Quality assessment of platelet concentrates prepared by platelet-rich plasma, buffy-coat, and apheresis methods in a tertiary care hospital in South India: A cross-sectional study

Esha Toora; Rajendra G Kulkarni; Prabhu Manivannan; Apurba Sankar Sastry; Abhishekh Basavarajegowda; Dibyajyoti Sahoo

doi:10.4103/ajts.ajts_73_22

Quality assessment of platelet concentrates prepared by platelet-rich plasma, buffy-coat, and apheresis methods in a tertiary care hospital in South India: A cross-sectional study

Asian J Transfus Sci. 2023 Jul-Dec;17(2):239-245. doi: 10.4103/ajts.ajts_73_22. Epub 2022 Dec 12.

Authors

Esha Toora¹, Rajendra G Kulkarni¹, Prabhu Manivannan¹, Apurba Sankar Sastry¹, Abhishekh Basavarajegowda¹, Dibyajyoti Sahoo¹

Affiliation

¹ Department of Transfusion Medicine, Jawaharlal Institute of Postgraduate Medical Education and Research, Puducherry, India.

Abstract

Introduction: In blood banking and transfusion medicine, it is of paramount importance to improve transfusion safety and provide a higher quality of product to maximize the therapeutic outcomes and minimize the risk of developing transfusion-associated complications for patients receiving a blood transfusion.

Materials and methods: This was a cross-sectional study conducted at the department of transfusion medicine in a tertiary care hospital of South India from February 2019 to December 2020. The primary objective of the study was to assess the quality of platelet concentrates (PC) prepared by platelet-rich plasma (PRP), buffy-coat (BC), and apheresis method. A total of 760 PCs were subjected to quality assessment, among which 124 were PRP-PC, 176 were BC-PC, and 460 were single donor platelet (SDP).

Results: The total percentage of platelets meeting all the six quality control parameters in PRP, BC and SDP was 78.23%, 81.81%, and 89.96%, respectively. Apheresis PCs showed a significantly higher platelet concentration per µL on comparison with whole-blood-derived platelets. BC-PCs were found to be better than PRP-PC with regard to lower white blood cell (WBC) contamination (P < 0.05) and red blood cell (RBC) contamination (P < 0.01). No statistically significant difference was found with regard to platelet yield, volume, swirling, and pH.

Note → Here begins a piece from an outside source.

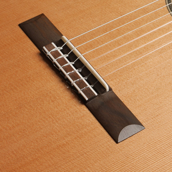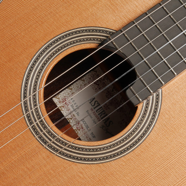 クラシックギターの課題である「音量不足」を克服するため、永年に渡って世界中のギターメーカーが試行錯誤を繰り返してきました。これを克服するためのアストリアスによるイノベーションは、表面板の軽量化による振動効率の向上です。ダブルトップの表面板は、中空ハニカム構造の素材NOMEX®を2枚の表板材に埋め込んだ特殊構造で製作されており、クラシックギターの表面板に必要な厚み・強度をしっかりと確保した上で、表面板全体の軽量化が実現されています。これによって、従来の単板材を用いて製作されたモデルに比べ、クラシックギターとしては画期的な奥行きのある大きな音量が得られるようになりました。また、クリアーな音質と豊かなサスティーンも魅力です。

Conclusion: Ex vivo quality of PCs prepared by BC-PC, PRP-PC, and apheresis-PC fulfilled the desired quality control parameters. BC-PC was better than PRP-PC in terms of lesser WBC and RBC contamination and comparable in terms of volume, platelet yield, swirling, and pH. Apheresis PCs showed a higher platelet concentration per microliter on comparison with whole-blood-derived platelets; hence in a blood center where facilities for collection of apheresis product are available, SDPs should be the choice of platelet transfusion.

Keywords: Apheresis platelet; buffy-coat platelet; platelet-rich plasma platelet; quality; single donor platelet.